Configuring virtual SCSI HBAs and virtual SANs is very flexible. The physical SCSI HBA initiator port that is used by the ldm add-vsan command can drive any type of bus that supports SCSI, such as Fibre Channel, SAS, or SATA. A virtual SCSI HBA and a virtual SAN can execute in the same domain. The more common configuration has the virtual SCSI HBA and the virtual SAN execute in different domains where the virtual SAN executes in a service domain that has direct access to a physical HBA card.

Although a virtual SAN is associated conceptually with a physical SAN, it does not need to be. For example, you can create a virtual SAN that comprises the set of local storage devices that are reachable from a motherboard HBA.

The virtual HBA subsystem unconditionally creates a virtual LUN for each physical LUN that is discovered. So, as with virtual disks, you must not have conflicting workloads access the same virtual LUN.

For example, if an initiator port reaches ten physical SCSI devices, the virtual HBA subsystem creates ten virtual LUNs in the guest domain. If the guest operating system boots from one of those virtual LUNs, you must ensure that no other guest domain accesses the virtual LUN, and that the domain that owns the physical SCSI device does not access the physical LUN.

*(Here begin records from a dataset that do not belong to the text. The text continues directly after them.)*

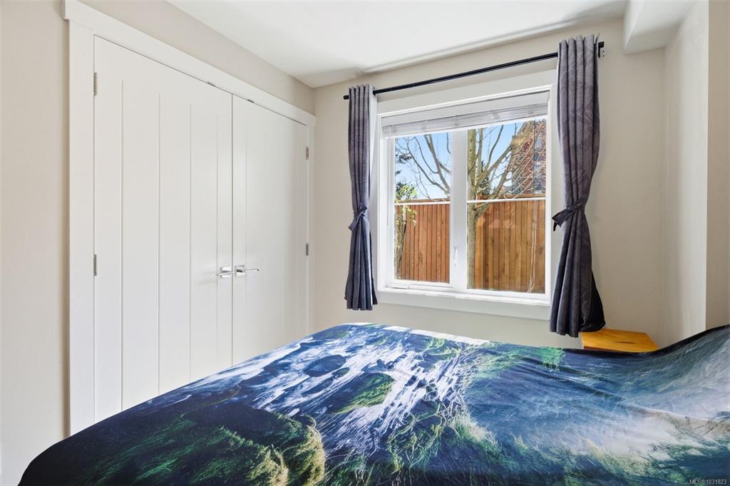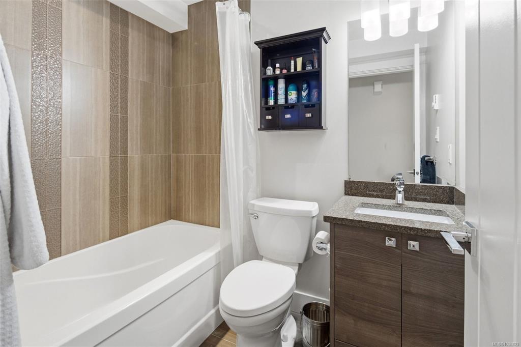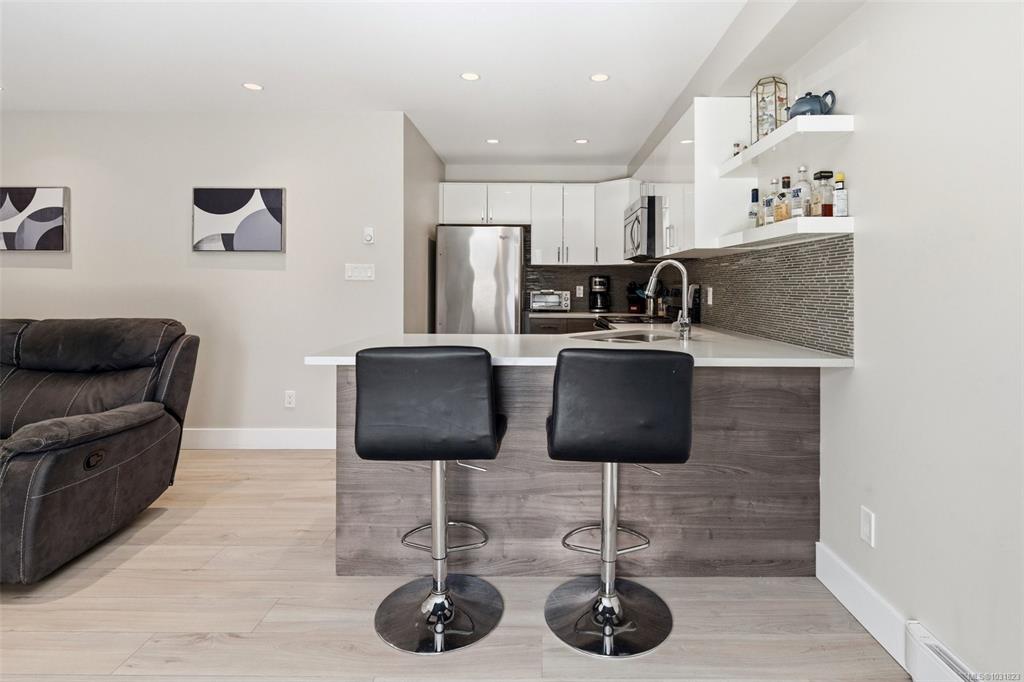 Welcome to Arbutus Townhomes. This incredibly rare, single level condo-style townhome is located in the heart of the Westshore - just steps to all desired amenities, parks, and transportation. This accessible garden level suite offers a great open concept floor plan with no wasted space. Chef’s kitchen complete with stainless steel appliances, quartz countertops, and an eating bar. Spacious living/dining room features an electric fireplace and built-in shelving. Nice sized bedroom, in-unit laundry and a 4pc...
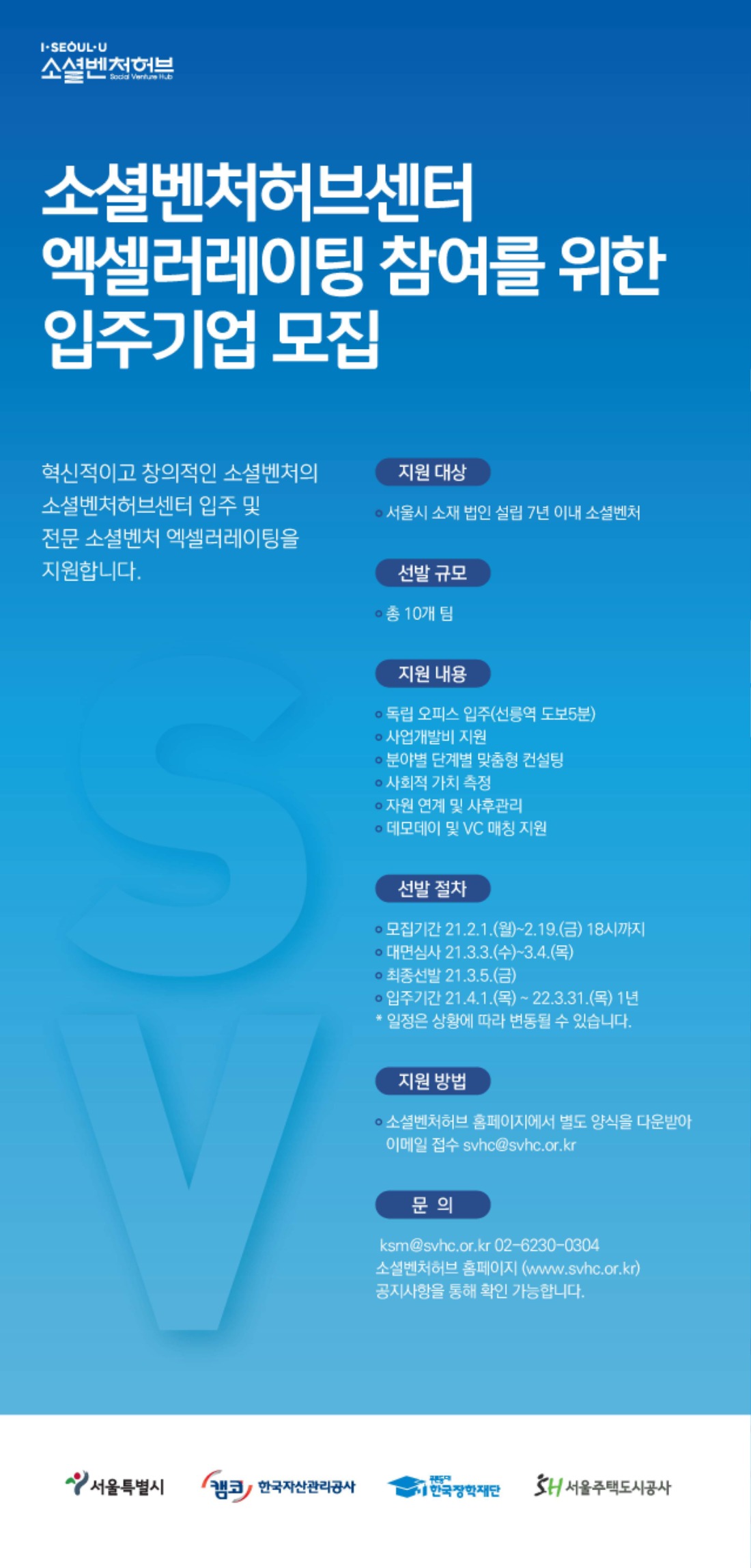 소셜벤처허브 입주기업 모집은 2월 19일 오후 6시까지이며 사회문제 해결에 기여하는 서울 소재 소셜벤처기업이 신청 대상입니다.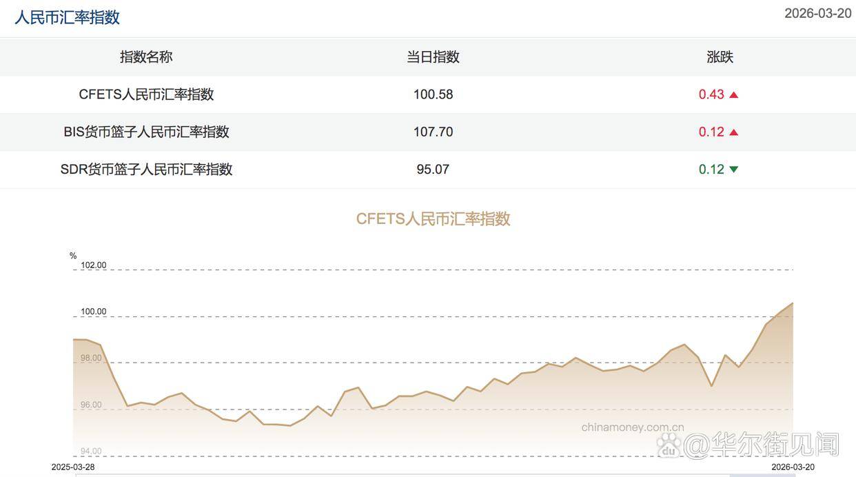 中国外汇交易中心(CFETS):3月20日人民币汇率指数按周涨0.43至100.58。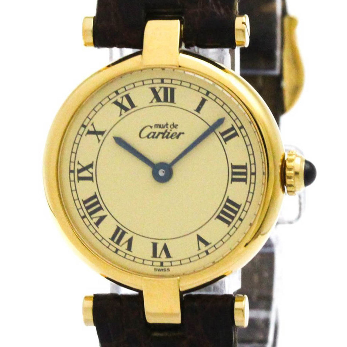 Pre-Owned CARTIER Must Gold Plated Leather Quartz Ladies Watch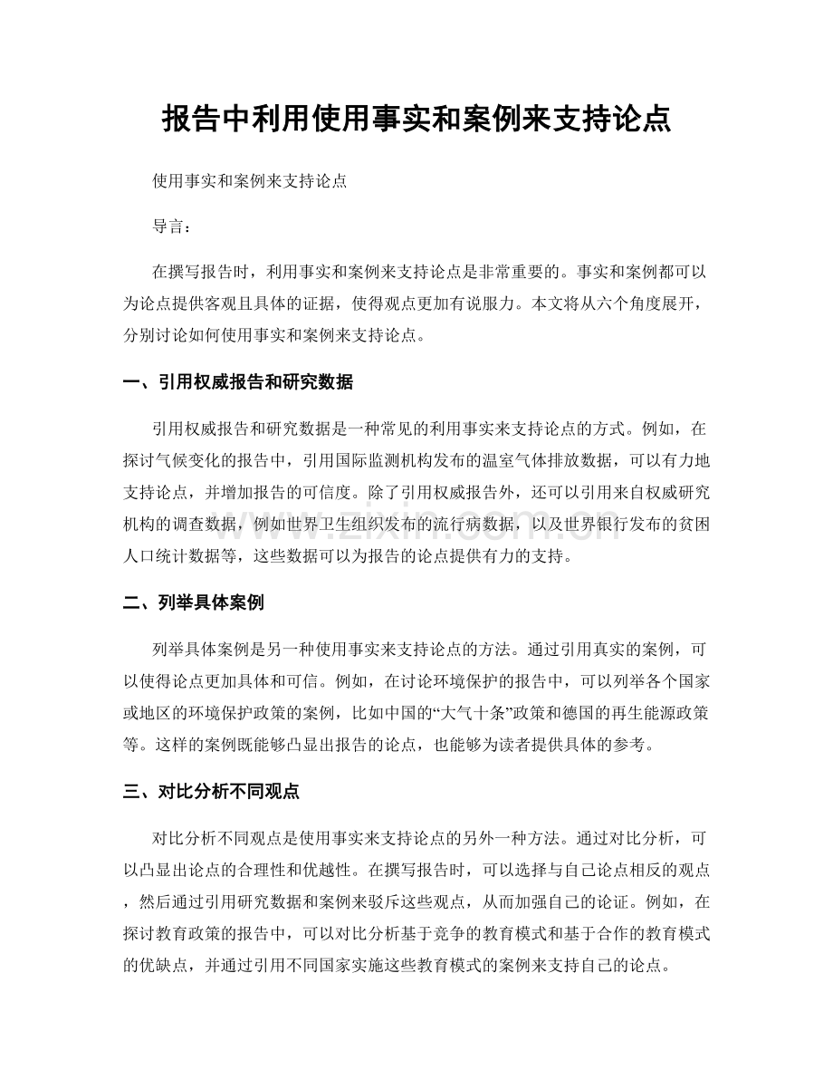 引用权威报告和研究数据是一种常见的利用事实来支持论点的方式。例如,在探讨气候变化的报告中,引用国际监测机构发布的温室气体排放数据,可以有力地支持论点,并增加报告的可信度。除了引用权威报告外,还可以引用来自权威研究机构的调查数据,例如世界卫生组织发布的流行病数据,以及世界银行发布的贫困人口统计数据等,这些数据可以为报告的论点提供有力的支持。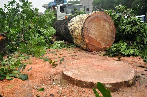 Hiện đã có 500 cây bị chặt trong thời gian vừa qua, trong đó có rất nhiều cây xà cừ cổ thụ.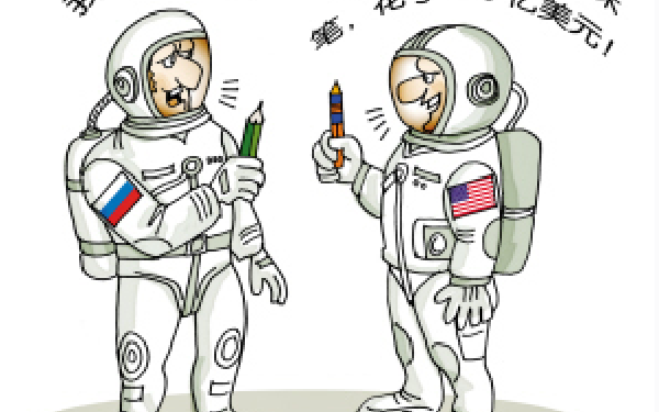 1961年,美国宇航局首次将宇航员送上太空,但他们很快接到报告:宇航员在失重状态下,用圆珠笔和钢笔根本写不出字来。于是,他们用了10年时间,花费120亿美元,终于发明了一种新型圆珠笔,这种笔适用于失重状态、身体倒立、水中、任何平面物体,甚至在摄氏零下300度也能书写流利。当美国人向俄罗斯人炫耀时,却发现俄罗斯人在太空中一直使用铅笔。 感悟:尽管有很多人怀疑这则故事的真实性,甚至有不少有心人找出各种证据来证伪。抛开故事的真伪不说,不能否认,大部分人在读完这个故事都有醍醐灌顶的感觉:原来那么复杂那么高科技的问题,可以用这么简单的办法来解决!当我习惯于用科学解决问题的时候,却丢失了我们原初的本
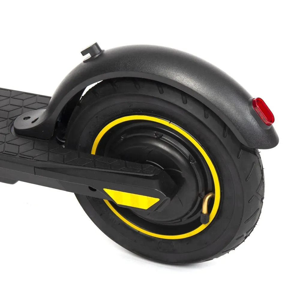 При максимальной мощности в 500 Вт мотор способен выжимать скорость до 32 км/час. В сочетании с емкой батареей протяженность пути становится максимальной. Безопасность удобство езды обеспечены другими элементами. Широкая нескользящая дека, максимально удобная при езде. Прорезиненные брендовые грипсы повторяют анатомическое строение ладони, не скользят, не провоцируют дискомфорта.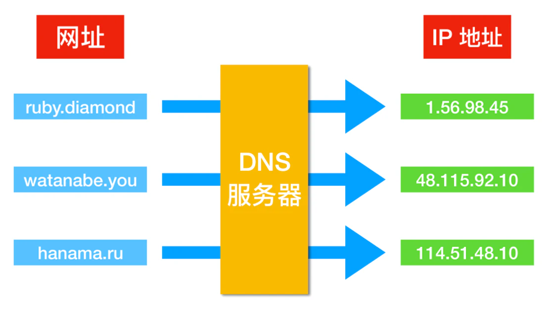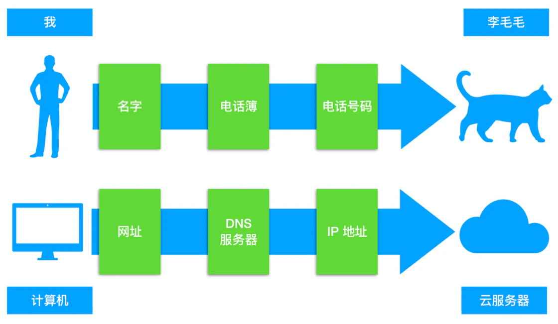 打个比方,我想给一个叫做「李毛毛」的朋友打电话,我没法直接通过「李毛毛」这个名字来打电话。我必须知道李毛毛的电话号码才能打电话。但是他的电话号码太长了,而且我的朋友特别多,我记不住,于是我必须需要电话簿来帮助我,这意味着我只能通过这个电话簿来知道我的朋友们的电话号码。在这个例子里,「李毛毛」这个名字就是服务器的「域名」,「电话号码」就是「IP 地址」,而「电话簿」就是我们今天的主题:「DNS 服务器」。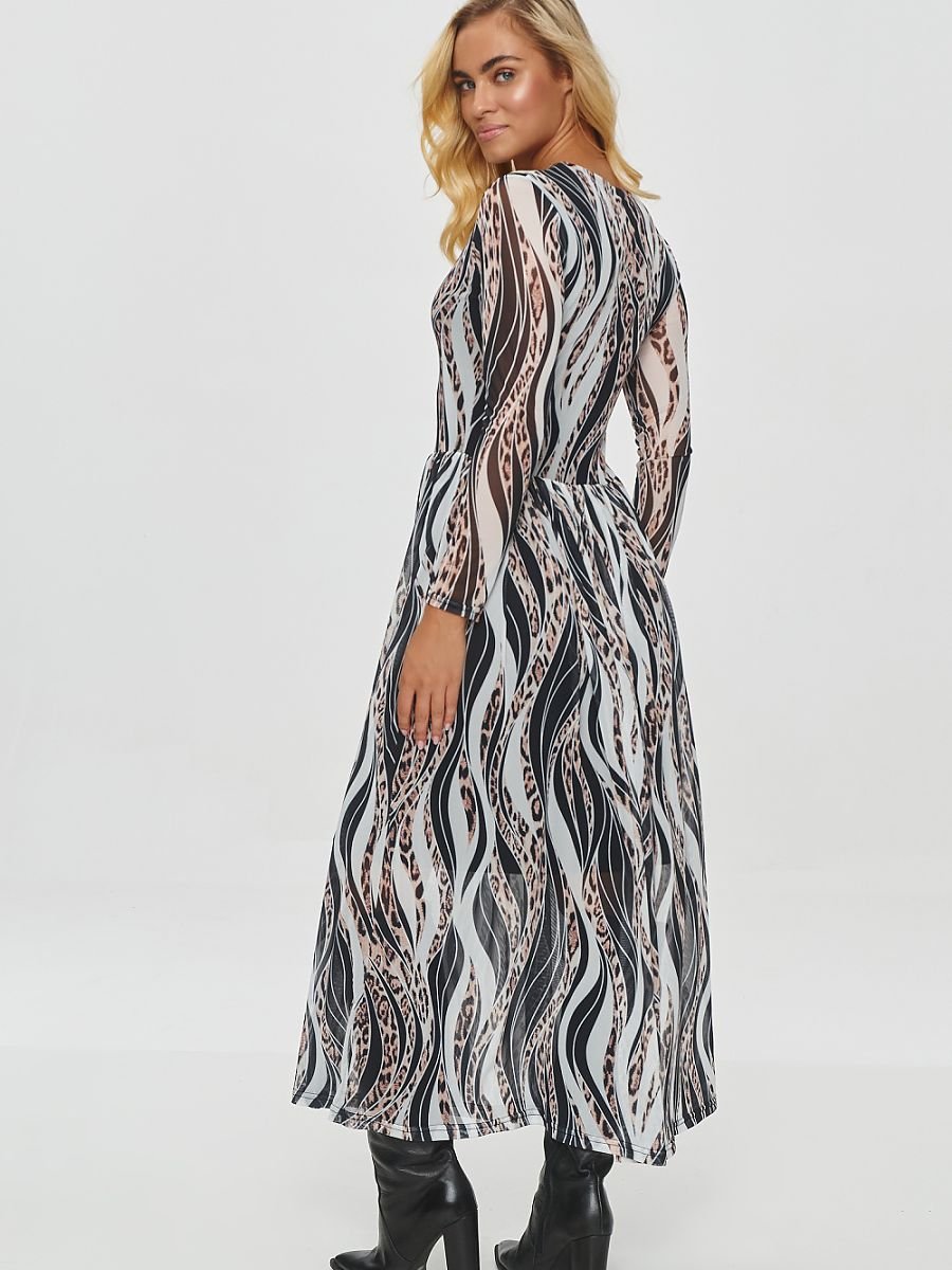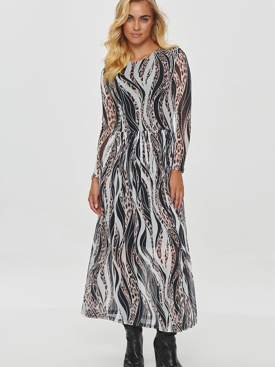 Długa printowa sukienka wykonana z lekkiego, zwiewnego materiału, który nadaje jej eleganckiego i romantycznego wyglądu. Wzór sukienki to złożona mieszanka motywów roślinnych, zwierzęcych i abstrakcyjnych, w kolorach dominujących czarnych, białych, beżowych, brązowych i odcieniach pomarańczy. Wzór jest skomplikowany i jednocześnie oryginalny dodający kreacji wyrazistego stylu. Model ma lekko dopasowaną górę, która podkreśla talię, natomiast dół jest rozkloszowany, co dodaje jej lekkości i ruchu. Wykończenie sukienki jest subtelne, a materiał jest półprzezroczysty, co podkreśla jej delikatność. Sukienka posiada wiskozową podszewkę, która dyskretnie zakrywa strategiczne miejsca i zapewnia komfort podczas noszenia. W połączeniu z ciężkimi butami za kostkę tworzy kontrast z subtelnością sukienki, nadając całości nieco bardziej casualowy wygląd. Sukienka idealnie nadaje się na jesienne lub zimowe wieczory, dzięki swoim ciepłym kolorom i długim rękawom. Kreacja jest dostępna w pięciu wariantach, różniących się kolorem i wzorem.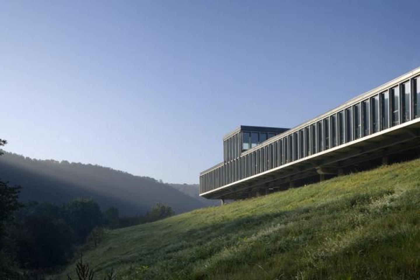 This is a factory construction intended for the manufacture of Hermès leather bags. Life in its workshops and its craft workare both enhanced through its interior fittings and view over the Meuse river. It is a platform standing on piles on a slope of the terrain facing the Meuse. Access is via a transversal bay that gives on to the administration space and restaurant and is also to be used for various enterprise events.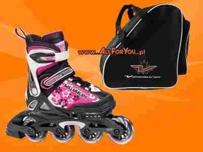 - Torba jest odpowiednio wyprofilowana pod kształ rolek - łyżew - wrotek.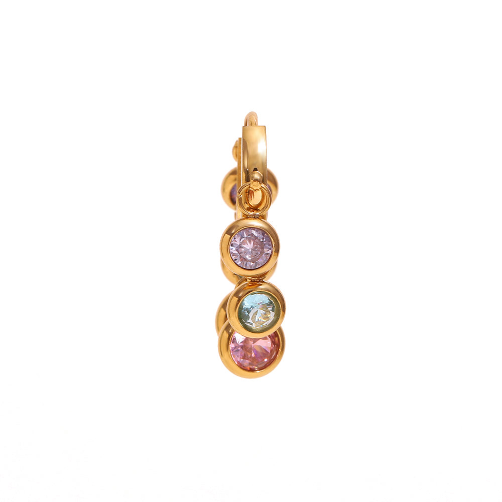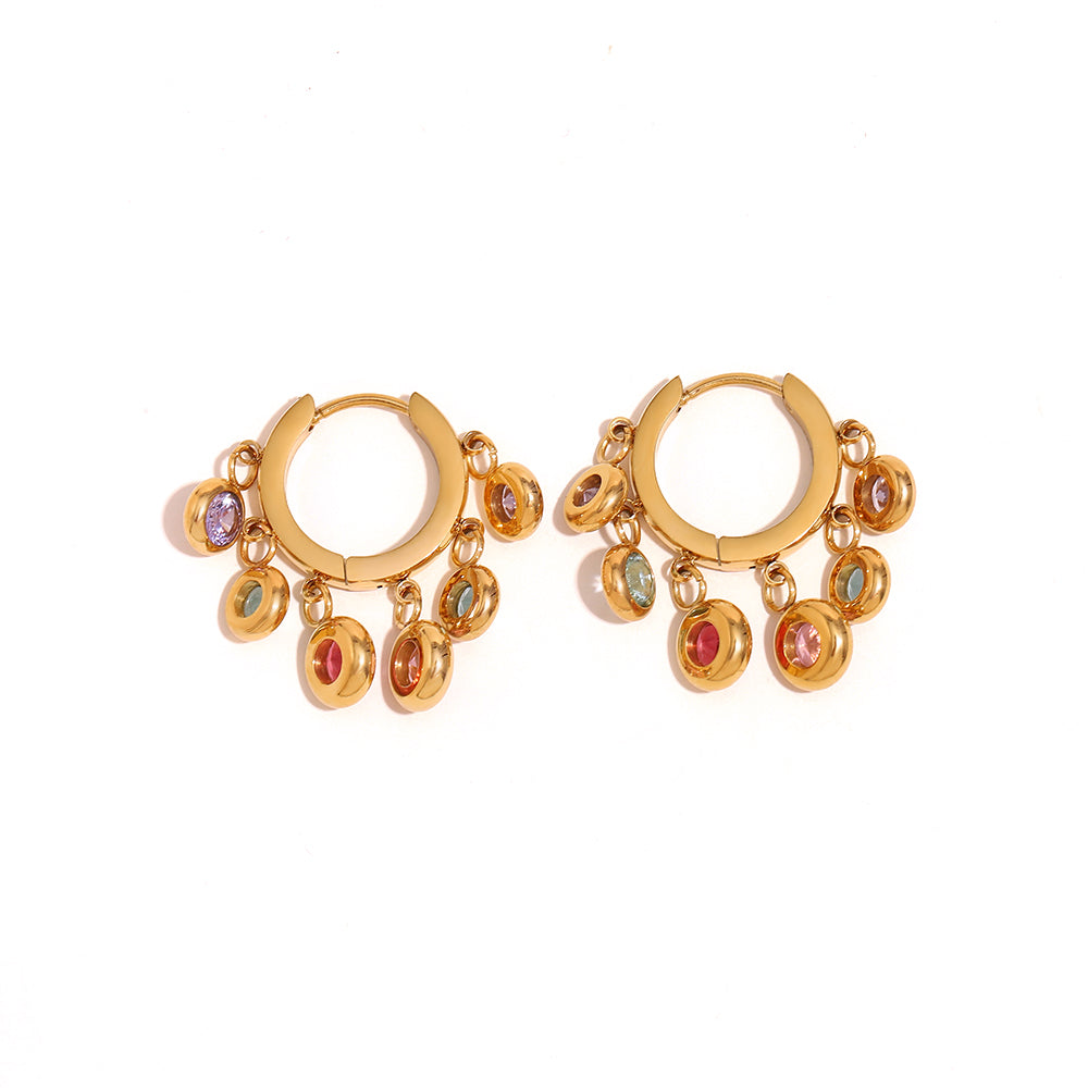 Maya's Gemstone Hoops are gold hoops with multicoloured gemstone charms. These are the perfect statement earrings to brighten any outfit.

A similar warning holds for any virtual LUNs that might be in use by a guest domain. You must strictly control access to such virtual LUNs on other guest domains and access to the underlying physical LUN on the service domain to prevent conflicting access. Such conflicting access might result in data corruption.

Lastly, when configuring a virtual SAN, note that only SCSI target devices with a LUN 0 have their physical LUNs visible in the guest domain. This constraint is imposed by an Oracle Solaris OS implementation that requires a target's LUN 0 to respond to the SCSI REPORT LUNS command.